The scatter plot indicates that operations are generally well optimized, with genset travel distance and utilization hours closely aligned, apart from the single outlier noted earlier.
# Boxplot with rotated x-axis labels
boxplot(gensetDF$jumlah_jam_perkhidmatan ~ gensetDF$negeri,
data = gensetDF,
col = "lightblue",
main = "Boxplot of negeri vs. jumlah_jam_perkhidmatan",
xlab = "Category", ylab = "Numeric Value",
xaxt = "n") # suppress default x-axis labels
# Add rotated labels at 45 degrees
axis_positions <- 1:length(levels(gensetDF$negeri))
text(x = axis_positions,
y = par("usr")[3] - 0.05 * diff(par("usr")[3:4]), # place below axis
labels = levels(gensetDF$negeri),
srt = 45, adj = 1, xpd = TRUE, cex = 0.8)
# Boxplot with rotated x-axis labels
boxplot(gensetDF$jumlah_jam_perkhidmatan ~ gensetDF$jenis_kerja,
data = gensetDF,
col = "lightblue",
main = "Boxplot of jenis_kerja vs. jumlah_jam_perkhidmatan",
xlab = "Category", ylab = "Numeric Value",
xaxt = "n") # suppress default x-axis labels
# Add rotated labels at 45 degrees
axis_positions <- 1:length(levels(gensetDF$jenis_kerja))
text(x = axis_positions,
y = par("usr")[3] - 0.05 * diff(par("usr")[3:4]), # place below axis
labels = levels(gensetDF$jenis_kerja),
srt = 45, adj = 1, xpd = TRUE, cex = 0.8)
# Boxplot with rotated x-axis labels
boxplot(gensetDF$jumlah_jam_perkhidmatan ~ gensetDF$request_kapasiti,
data = gensetDF,
col = "lightblue",
main = "Boxplot of request_kapasiti vs. jumlah_jam_perkhidmatan",
xlab = "Category", ylab = "Numeric Value",
xaxt = "n") # suppress default x-axis labels
# Add rotated labels at 45 degrees
axis_positions <- 1:length(levels(gensetDF$request_kapasiti))
text(x = axis_positions,
y = par("usr")[3] - 0.05 * diff(par("usr")[3:4]), # place below axis
labels = levels(gensetDF$request_kapasiti),
srt = 45, adj = 1, xpd = TRUE, cex = 0.8)
# Boxplot with rotated x-axis labels
boxplot(gensetDF$total_mileage_km ~ gensetDF$request_kapasiti,
data = gensetDF,
col = "lightblue",
main = "Boxplot of request_kapasiti vs. total_mileage_km",
xlab = "Category", ylab = "Numeric Value",
xaxt = "n") # suppress default x-axis labels
# Add rotated labels at 45 degrees
axis_positions <- 1:length(levels(gensetDF$request_kapasiti))
text(x = axis_positions,
y = par("usr")[3] - 0.05 * diff(par("usr")[3:4]), # place below axis
labels = levels(gensetDF$request_kapasiti),
srt = 45, adj = 1, xpd = TRUE, cex = 0.8)
Mean genset service hours are higher in Pahang, Pulau Pinang, and
Selangor, indicating longer usage, while greater variation is observed
in Kedah, Kelantan, Pahang, and Pulau Pinang, reflecting higher
variability.
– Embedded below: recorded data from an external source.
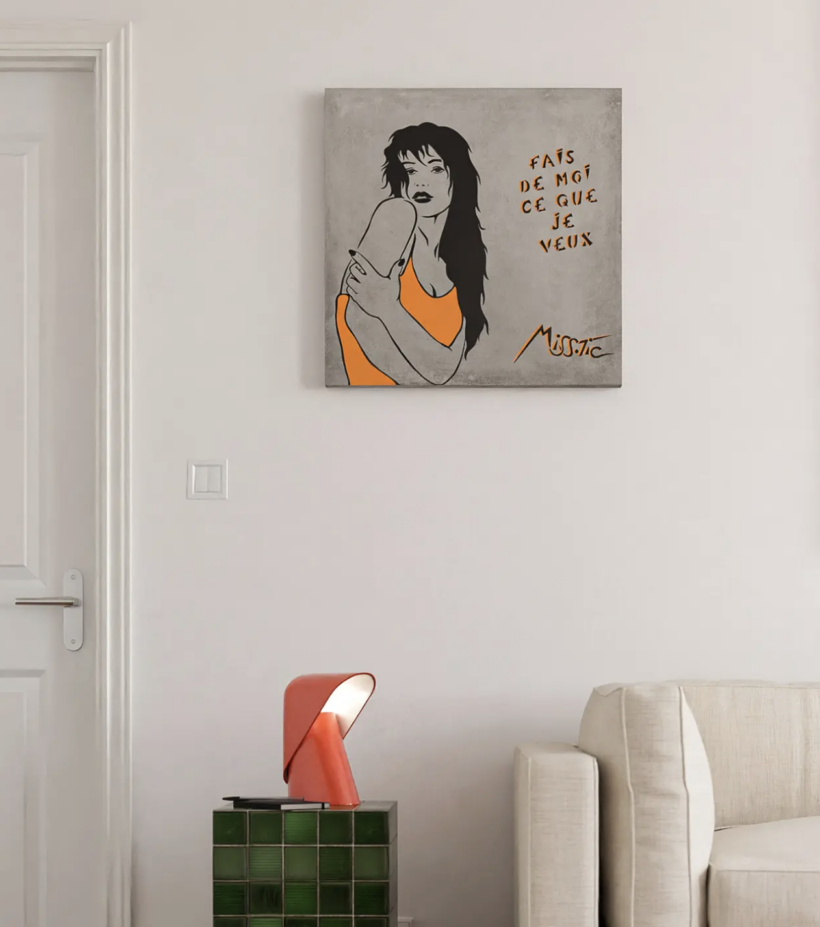 Elle trouve avec ce texte percutant toute son énergie de poétesse, sa liberté et la sensualité de ses œuvres.Le choix de la couleur orange s’est imposé après de nombreux essais, la Miss voulait une œuvre qui marque ; séductrice et espiègle.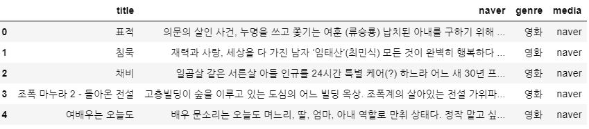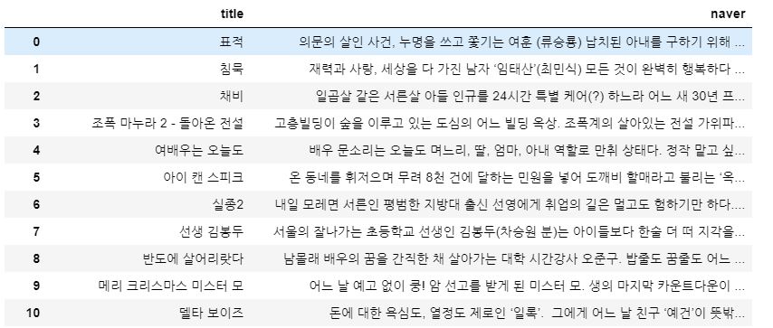 # 네이버 영화 시놉시스를 저장할 df 만들기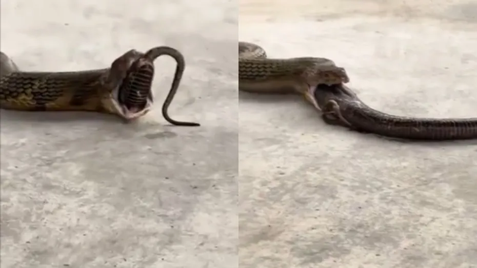 कोबरा कितना खतरनाक हो सकता है आप इस वायरल हो रहे वीडियो से ही अंदाजा लगा सकते हैं। जहां एक किंग कोबरा एक साथ तीन-तीन विशालकाय सांपों को निगल लिया था। बाद में कोबरा ने उन तीनों सांपों को एक साथ उगल दिया। वीडियो में यह साफ तौर पर दिख रहा है कि किंग कोबरा अपने मुंह में सांपों को भरे हुए है और वह उल्टी कर रहा है। उल्टी करने के दौरान किंग कोबरा धीरे-धीरे पीछे की ओर खसकते जा रहा है और उसके मुंह से एक-एक कर तीन विशालकाय सांप निकलते जा रहे हैं।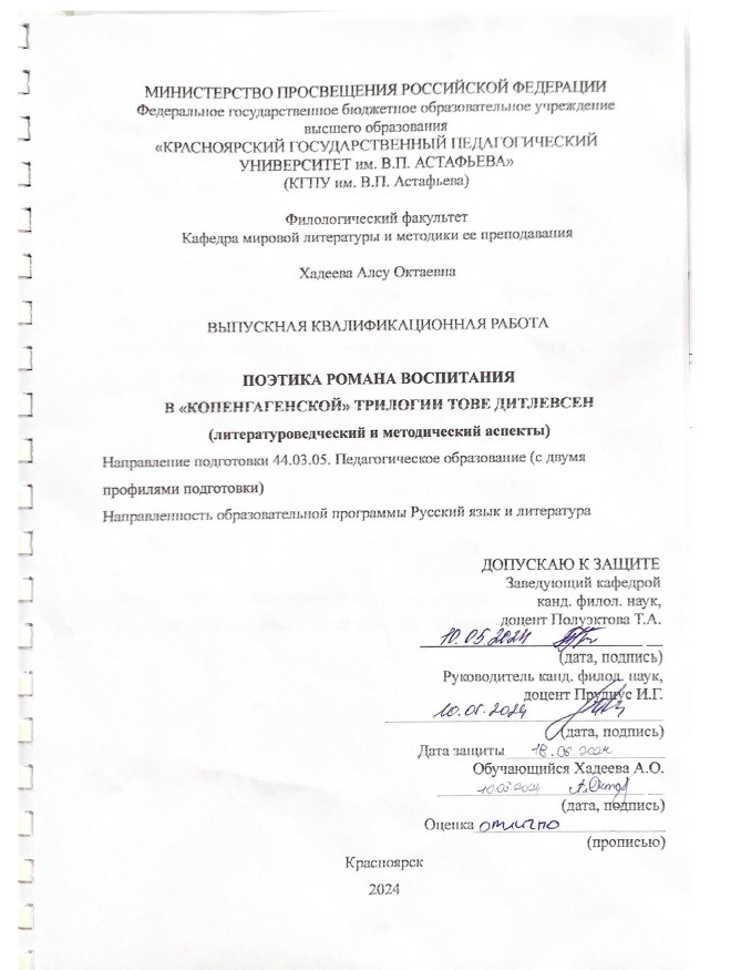 Поэтика романа воспитания «копенгагенской» трилогииТове Дитлевсен (литературоведческий и методический аспекты)

For jenis_kerja, standby cases record the highest mean,
showing that many gensets are dispatched solely for standby. Utilization
hours across all genset capacities are evenly distributed.
# count table
counts <- table(gensetDF$negeri, gensetDF$request_kapasiti)
# Draw stacked bar chart
bp <- barplot(counts,
main = "Stacked Bar Chart: request_kapasiti vs negeri",
xlab = "request kapasiti", ylab = "Count",
col = rainbow(nrow(counts)),
las = 2)
# Add legend on the left side
legend("left",
legend = rownames(counts),
fill = rainbow(nrow(counts)),
inset = c(-0.15, 0), # nudge leftward
xpd = TRUE, # allow drawing outside plot
cex = 0.8)
# count table
counts <- table(gensetDF$jenis_kerja, gensetDF$request_kapasiti)
# Draw stacked bar chart
bp <- barplot(counts,
main = "Stacked Bar Chart: request_kapasiti vs jenis_kerja",
xlab = "request kapasiti", ylab = "Count",
col = rainbow(nrow(counts)),
las = 2)
# Add legend on the left side
legend("left",
legend = rownames(counts),
fill = rainbow(nrow(counts)),
inset = c(-0.15, 0), # nudge leftward
xpd = TRUE, # allow drawing outside plot
cex = 0.8)
The stacked bar charts reveal that requests for 1000 kWh gensets are
highest in industrialized, densely populated states. Across all genset
capacities, shutdown and breakdown cases dominate the requests.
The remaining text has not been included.